Песня сирены - Карр Филиппа. Страница 53
Мое беспокойство усиливалось. На следующий день после утренних занятий я пошла прогуляться и опять меня неотвратимо повлекло к Эндерби-холлу. А когда я подошла к забору, то почувствовала желание пойти на запретную территорию и взглянуть на то место, где Бэлл нашла башмак. Я уже наловчилась легко перелезать через забор.
Утром это место казалось менее зловещим. Сквозь деревья пробивался солнечный свет, на них теперь уже почти не было листьев. Я видела двух черно-белых сорок на фоне неба и нахального маленького кролика, с важным видом расхаживавшего в нескольких шагах от меня и помахивавшего хвостиком. Я с грустью подумала о том, что многие птицы уже улетели в теплые края: улетели ласточки и мои любимые песочники.
Дубы стали бронзовыми, листья высохли и готовы были опасть.
Я пришла на место раньше, чем осознала это. Да, это здесь. Я подошла ближе. Земля выглядела так, словно здесь недавно копали. Конечно, не Бэлл же ее так разрыла.
Я опустилась на колени и коснулась земли. Вокруг было совсем тихо. Неожиданно я ощутила неодолимое желание уйти отсюда.
«Здесь что-то плохое, — думала я. — Уходи. Забудь об этом, никогда больше не приходи сюда».
Я встала и пошла прочь. Я не хотела ничего искать в этих кустах. Мне казалось, что я могла бы найти там нечто такое, что мне не хотелось бы видеть, или узнать что-нибудь такое, что усилило бы мое беспокойство.
Отец был очень сердит. Почему? И зачем Элизабет привела собаку на поводке?
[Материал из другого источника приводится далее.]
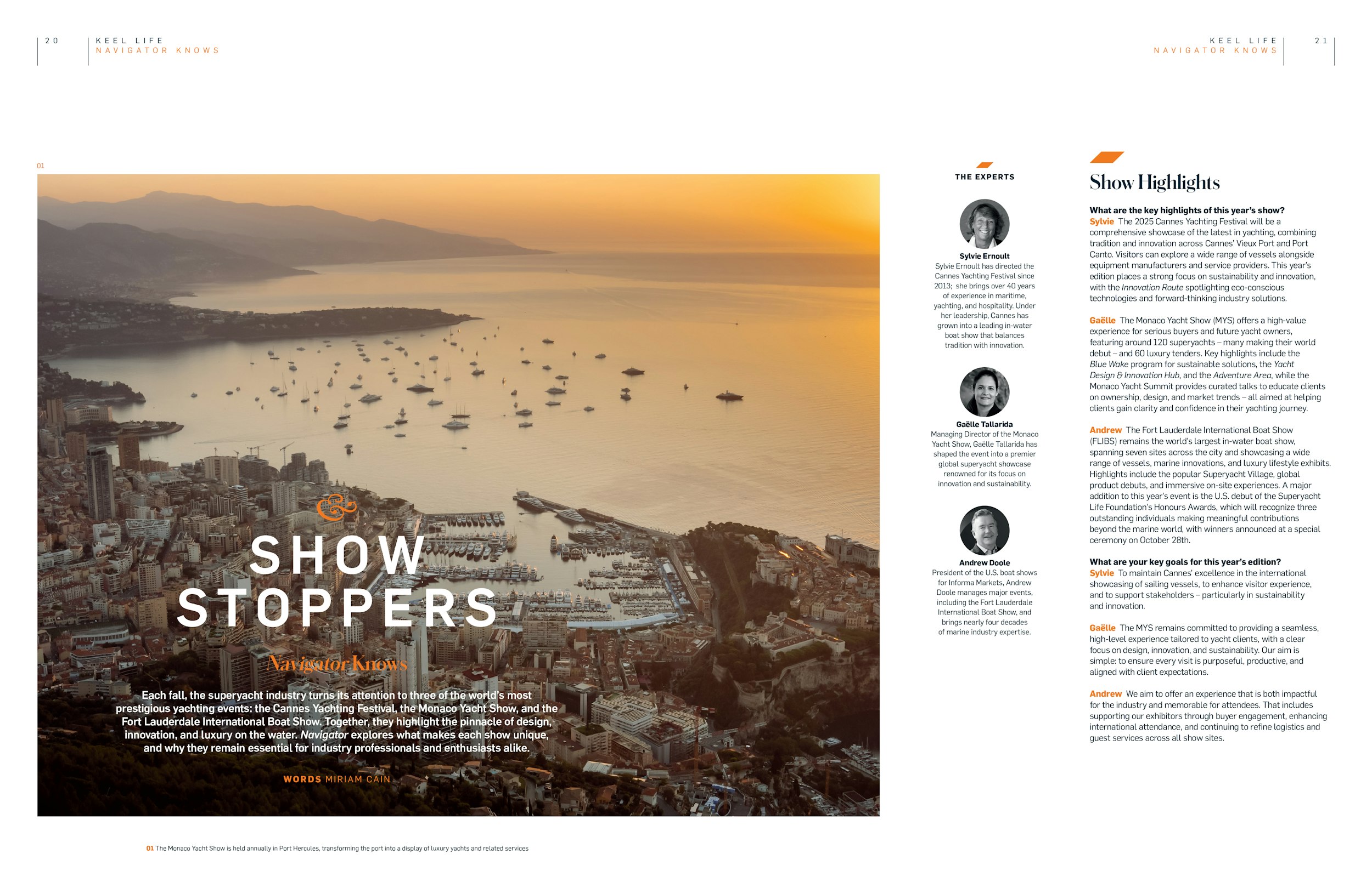 Each edition features a commissioned illustrated cover and a carefully balanced mix of editorial content, including destination features, cultural and sporting events, interviews, and luxury products. The magazine also includes updated listings for sales and charter, presented with clarity and visual polish to appeal to discerning clients.
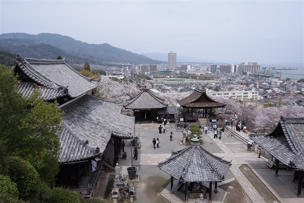 境内の展望所より観音堂と大津市街を望みます。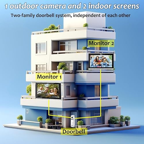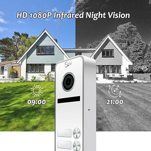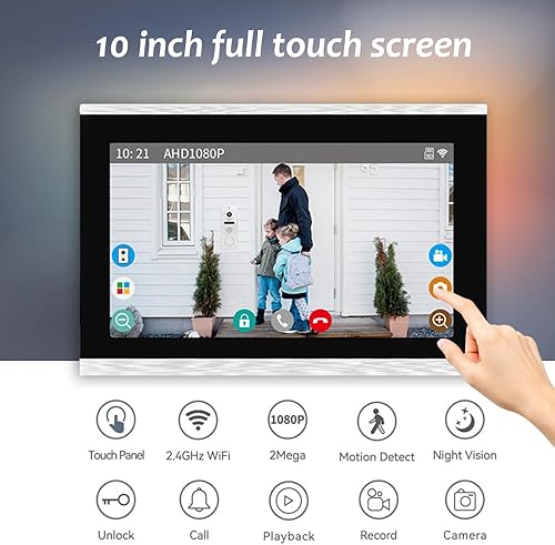 Videocitofono 1080P, campanello a 2 famiglie, display touchscreen da 10', supporto di sblocco, citofono bidirezionale, rilevamento del movimento (bianco)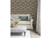 Luxusní plastická vliesová tapeta s vinylovým povrchem, zelený zámecký ornamentální vzor se zlatými třpytkami pod hnědo-béžovou štukovou omítkou. Foto interiéru je pouze ilustrační - odlišné barvy.

Почему она так нервничала, почему пыталась оправдаться, почему ей так хотелось уверить меня в том, что в ее поведении нет ничего необычного?
В тот же день после обеда Элизабет зашла нас навестить.
— Мне нужно съездить в Лондон, — заявила она. — Я пробуду там около недели.
— Мэтью едет с вами? — быстро спросила я. Мне не удалось удержаться от вопроса.
— Нет, — ответила она, — он останется здесь. Конечно, скоро и ему придется уехать.
Мы опять поговорили об успехе устроенной ею вечеринки и о том, как хорошо были поставлены шарады, но я чувствовала в Элизабет какое-то напряжение. Нервы моей матери, тоже почему-то были напряжены до предела.
На следующий день Элизабет уехала.
Я часто думаю о том, почему ничто не предупреждает нас о событиях, которые рассеивают наши иллюзии или меняют нашу жизнь? Я была так счастлива после той вечеринки! Я была так уверена в том, что Мэтью меня любит! Возможно, не так сильно, как я его, но на это я и не надеялась. Карлотта так часто выражала свое мнение обо мне, что это на меня подействовало, и я стала считать себя очень заурядным, довольно скучным и не очень привлекательным существом, которое должно быть благодарно за самые малые крохи привязанности со стороны таких неотразимых личностей, как она сама.
На самом деле я чувствовала, что и во мне растет напряженность, определенное беспокойство, которое появилось с тех пор, как Бэлл попала в капкан и Роки были уволены. Но какими бы неприятными не были эти случаи, они не касались меня лично.
На следующий день после отъезда Элизабет мы с мамой были в кладовке. Она всегда стремилась передать мне свое умение вести хозяйство, а я была хорошей ученицей, что ее радовало. Она часто говорила:
— По крайней мере, из одной из моих дочерей я сделаю хозяйку, — что означало, что ей не удалось сделать хозяйку из Карлотты.
Во дворе послышался шум: кто-то приехал. Мы переглянулись. Посетители всегда приводили нас в волнение. Иногда они приезжали из Вестминстера, и мы любили слушать новости, но чаще они отправлялись в Эверсли-корт, где Джейн и мои бабушка с дедушкой могли их лучше разместить, поскольку там было больше места.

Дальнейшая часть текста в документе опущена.